In this part, we will create a script that will randomly selects a question from the database and use it to generate a form for actually submitting an answer to a question.

Your finished form should look like this:
screenshot

Help & Hints:

Use your insert question script as starting document and save it as get_question.php

At the top of the document use PHP code to run the following query:

SELECT question, choice1, choice2, choice3, choice4 FROM Questions????? ORDER BY RAND()

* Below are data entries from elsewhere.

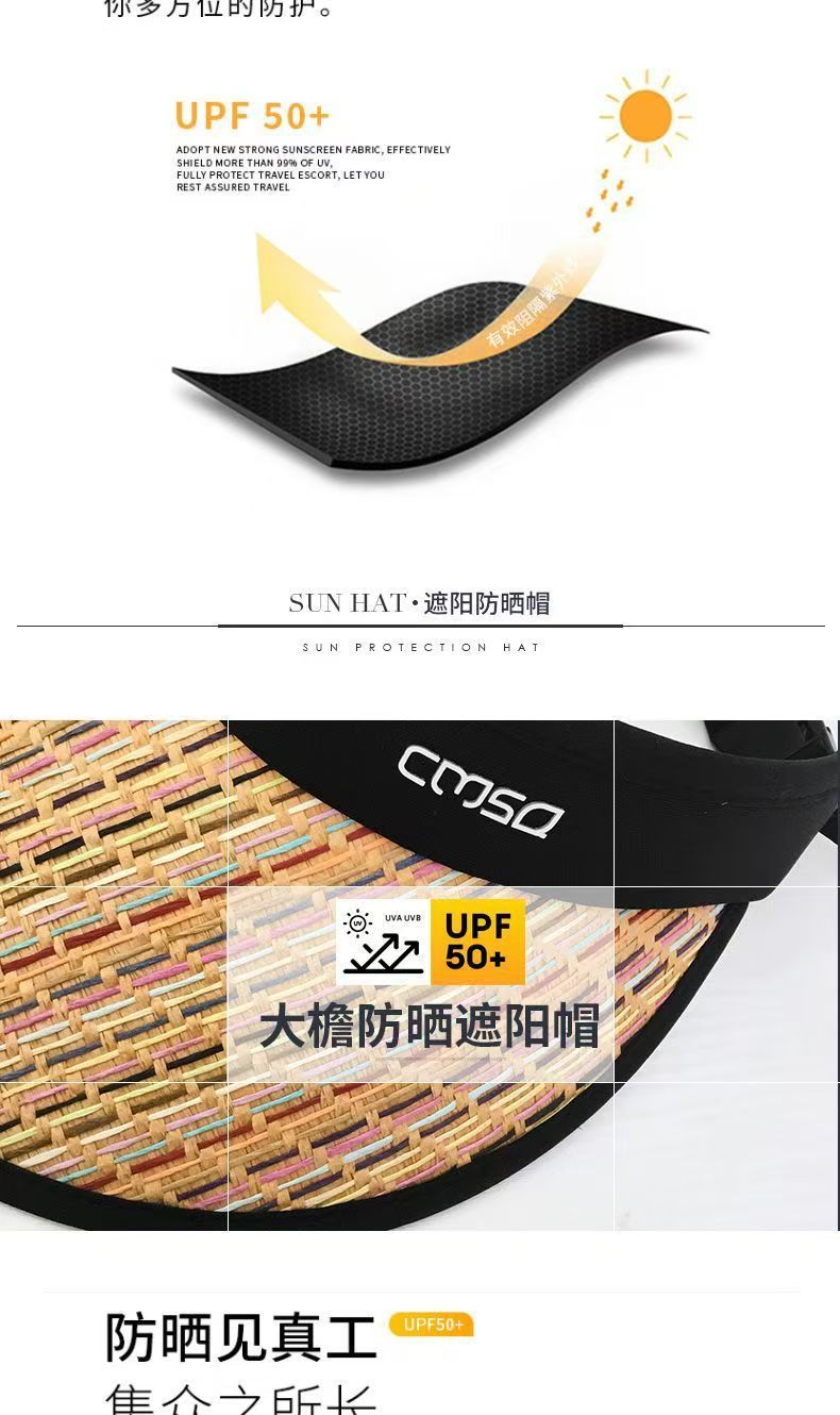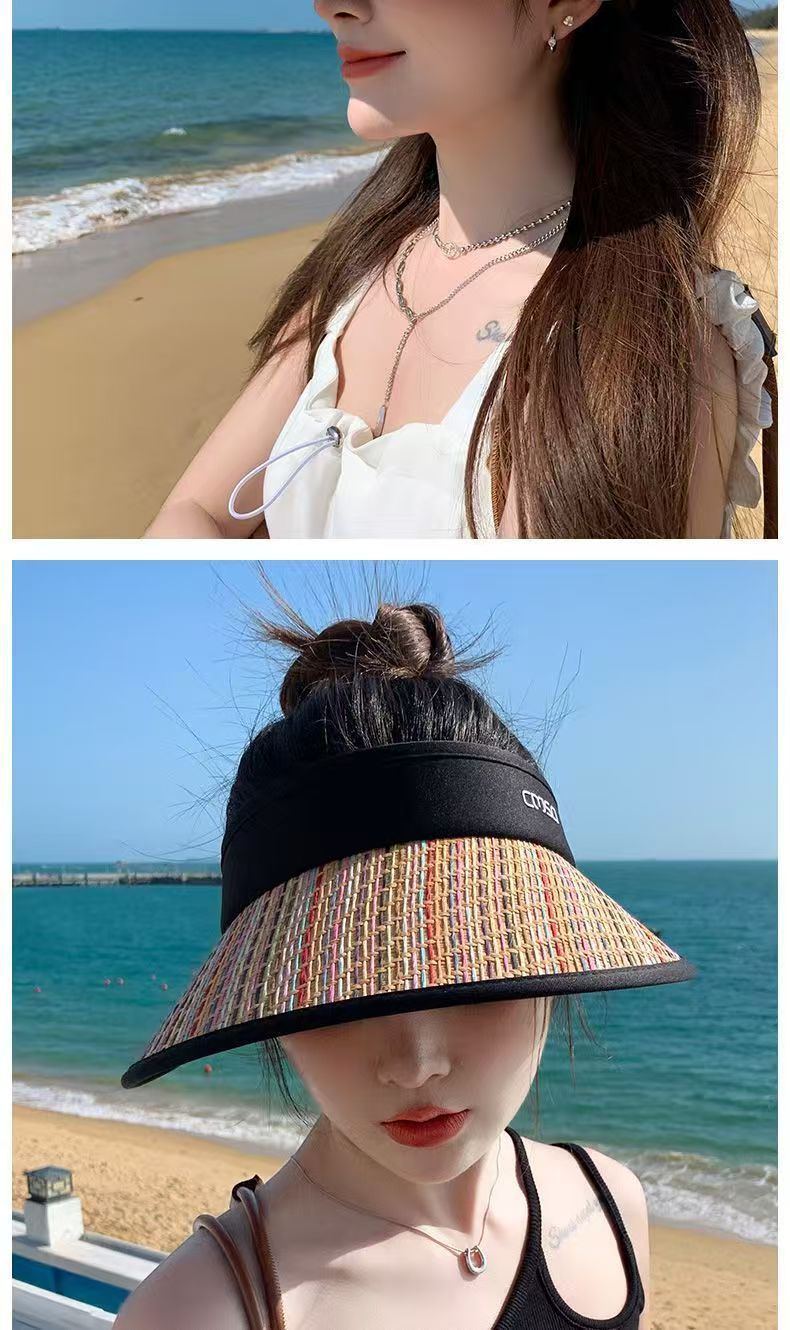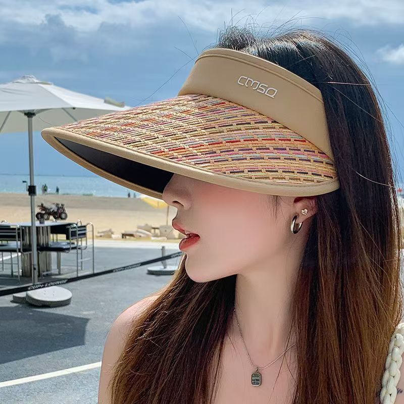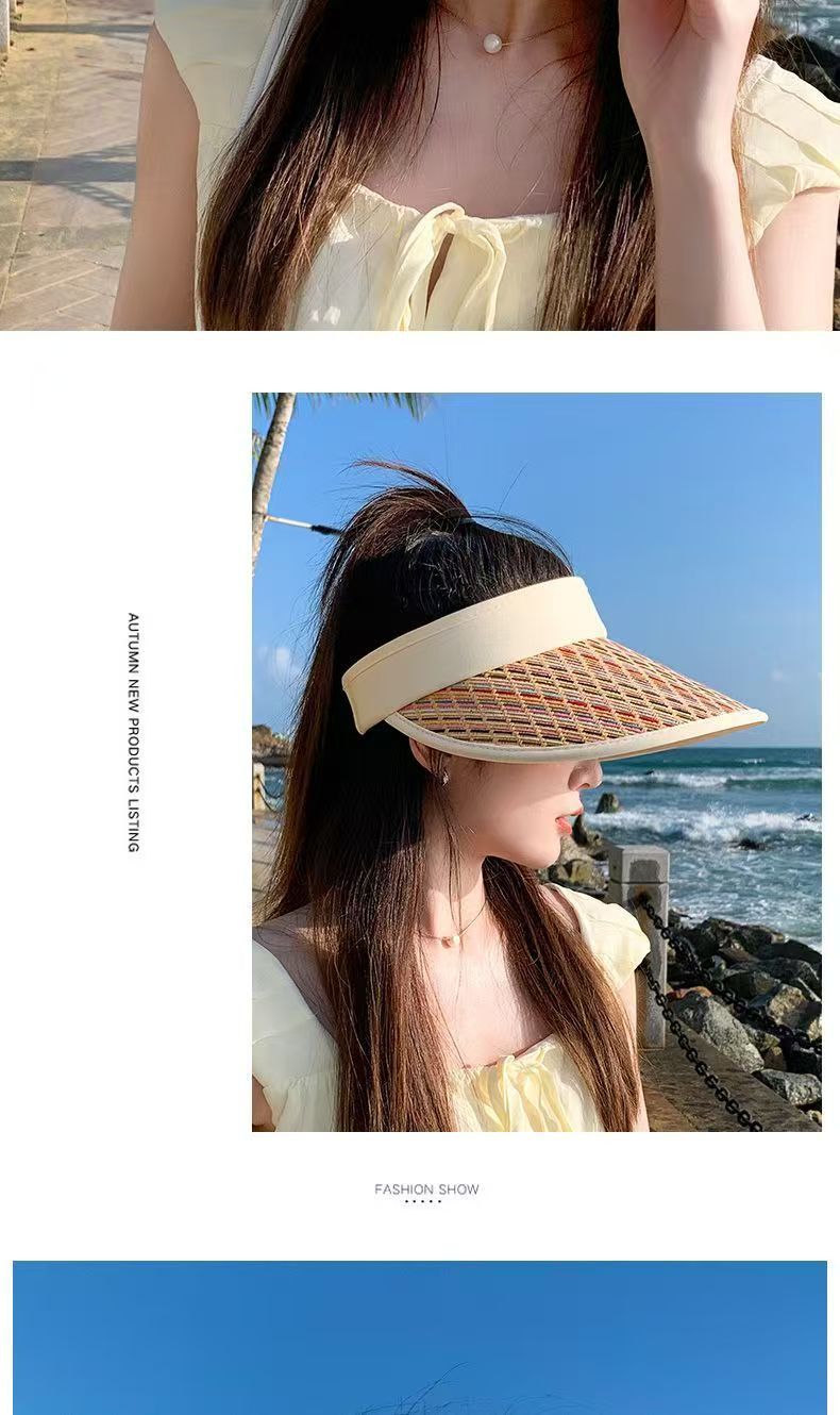 빈 탑 UV 선 스크린 모자 여성의 여름 안티-UV 빅 브림 비치 햇빛 밀짚 모자 야외 태양 모자스토어 가기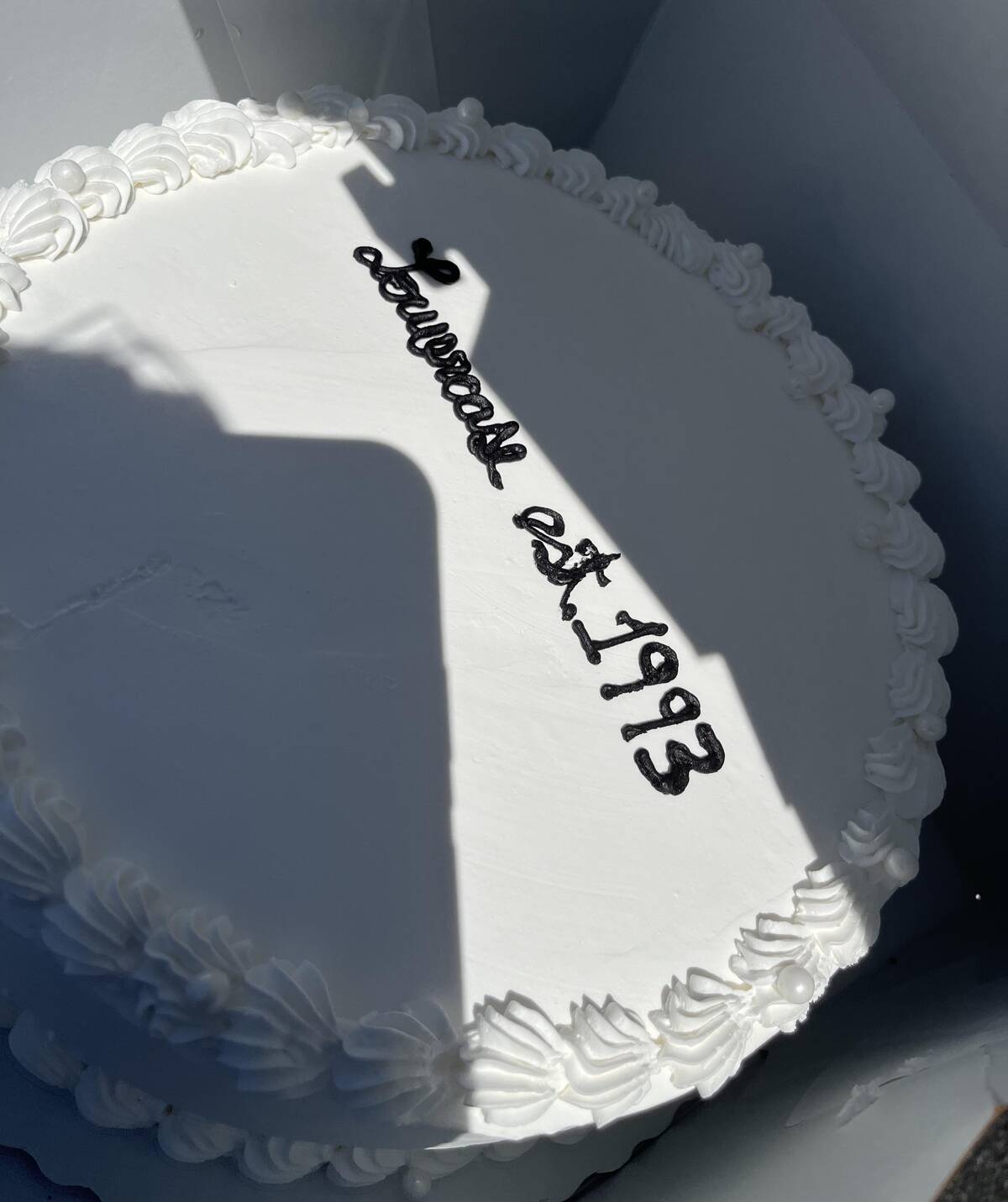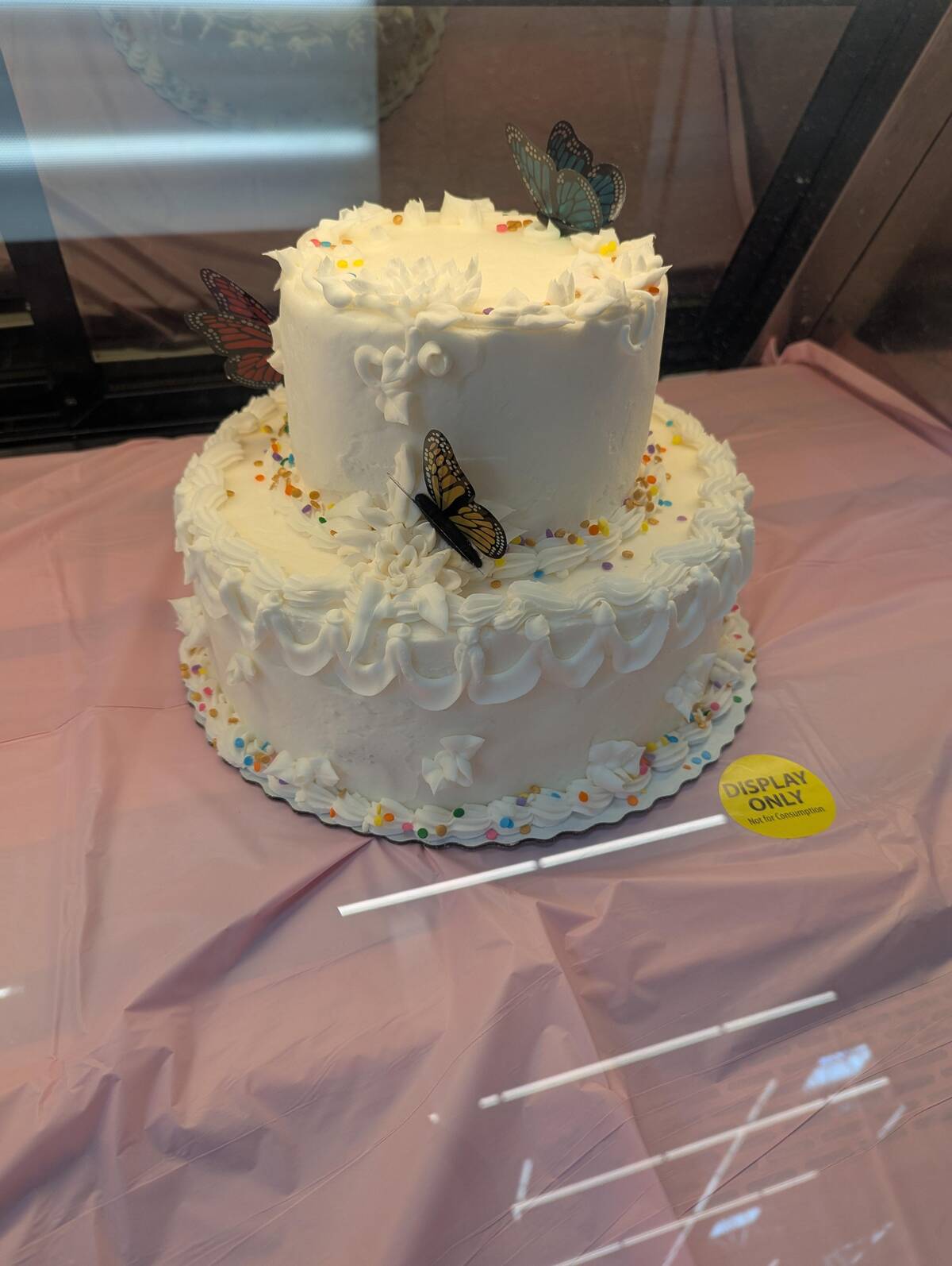 There’s a certain charm in a grocery store display cake decorated with butterfly toppers and a squiggle cascading fearlessly down the side. You know it’s extra special when the best detail is so random it has to be called out. Is it modern art or just out-of-practice piping?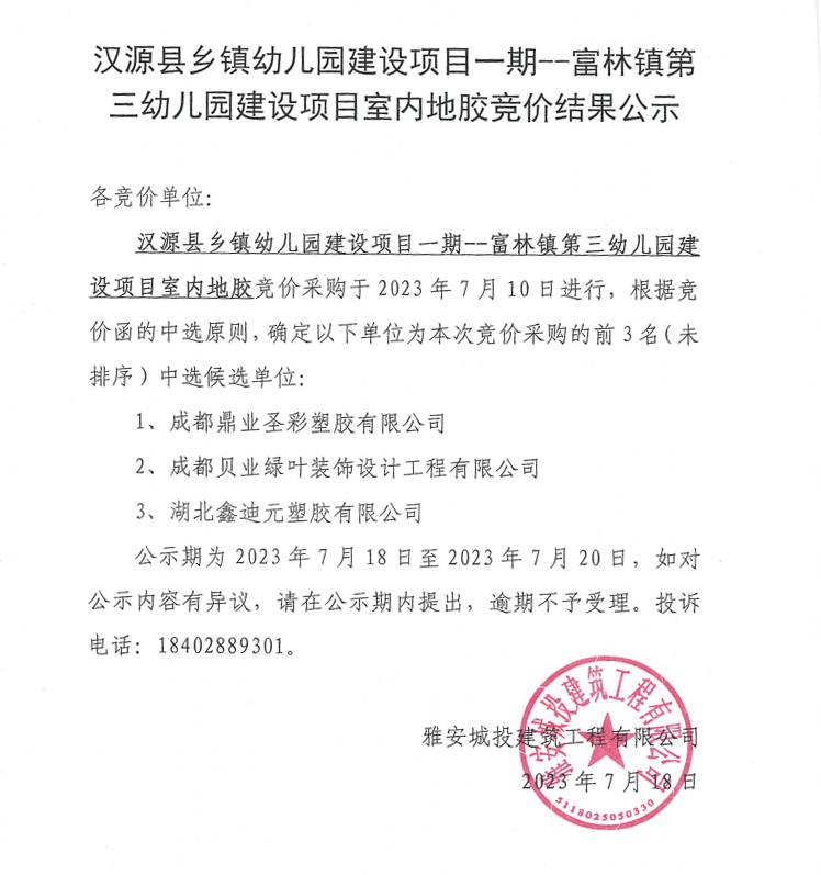漢源縣鄉(xiāng)鎮(zhèn)幼兒園建設(shè)項(xiàng)目一期--富林鎮(zhèn)第三幼兒園建設(shè)項(xiàng)目室內(nèi)地膠競(jìng)價(jià)結(jié)果公示
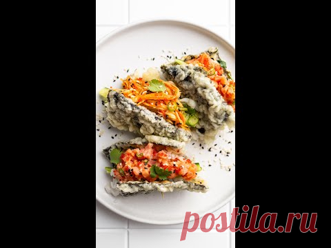 На изображении представлены три кулинарные композиции, размещенные на белой круглой тарелке. Внешне они напоминают тако, но вместо традиционной лепешки используются обжаренные в темпуре листы нори, выглядящие хрустящими и золотисто-сероватыми. Каждый кусочек наполнен яркими свежими ингредиентами: виделись линии моркови, обладающие насыщенным оранжевым цветом, листики свежей зелени, вероятно кориандра, и кусочки алого лосося с мягкой текстурой. Также присутствует нарезанный зеленый лук и мелкие черные семена кунжута для дополнительного вкуса и текстуры. Вся композиция выполнена в японском стиле умами и ассоциируется с атмосферой восточной кухни. Белая глазурованная тарелка формирует контрастный фон, подчеркивая яркость ингредиентов. Все это расположено на светлом плиточном столе, что создает ощущение чистоты и изысканности при подаче.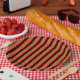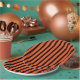 This Halloween paper plate is shown with a festive black and orange stripes design.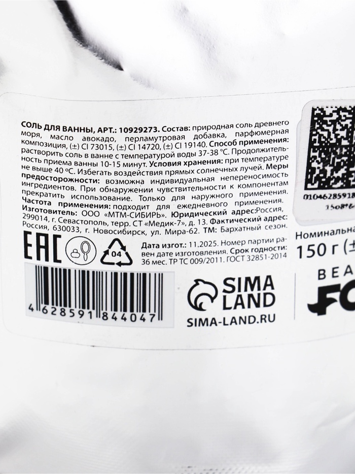 Технические характеристики Соль для ванны «Соленая, как слезы бывших», 150 г, с ароматом малины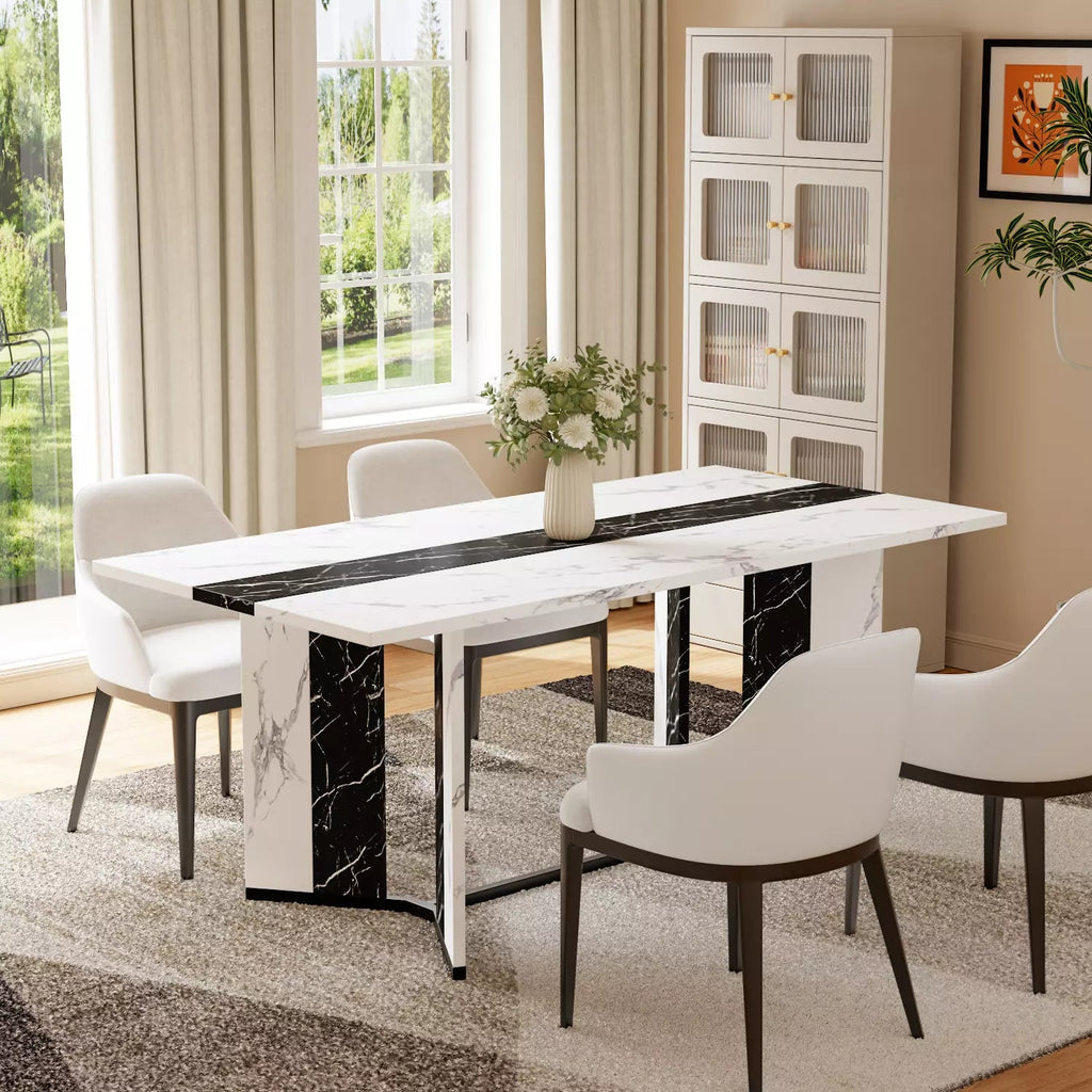 Waleaf 71 inch Modern White Rectangle Dining Table for 6, Waterproof Tabletop & Reinforced V-Shape Base for Kitchen Living Room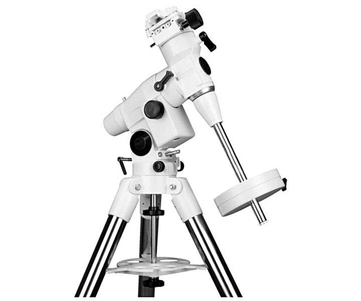 A montagem EQ5 da Skywatcher suporta o tubo Newtoniano com boa estabilidade, sendo perfeitamente adequada para observação visual e astrofotografia de iniciação. Inclui um tripé robusto em aço inoxidável, ajustável até 140 cm de altura.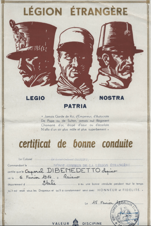 Le certificat de bonne conduite d’Erpino – Archives Légion étrangère

The query above selects all the questions and orders them randomly.
We just have to fetch the first one:
```
$row = $result->fetch_row();
```
$row is a regular array that has the five fields we selected. Thus, we can copy them to PHP variables as follows:
```
$q = $row[0];
$c1 = $row[1];
$c2 = $row[2];
```

In the body of the HTML document, we can generate the form from the PHP variables as follows:

		<form method="post" action="get_question.php">
		
		<label><? echo $q ?><br>
		</label><br>
		
		<label>
		<? echo $c1 ?>
		<input type="radio" name="answer" value="1">
		</label><br>

Notice that the form calls itself. In project 4, you will implement the processing of this dynamically generated form, which is complicated because we have to secretly store the answer.

DELIVERABLE

Create a zip file of your lab8 folder called lab8.zip and submit the file in Blackboard.

In the comment area of Blackboard put your partner's name.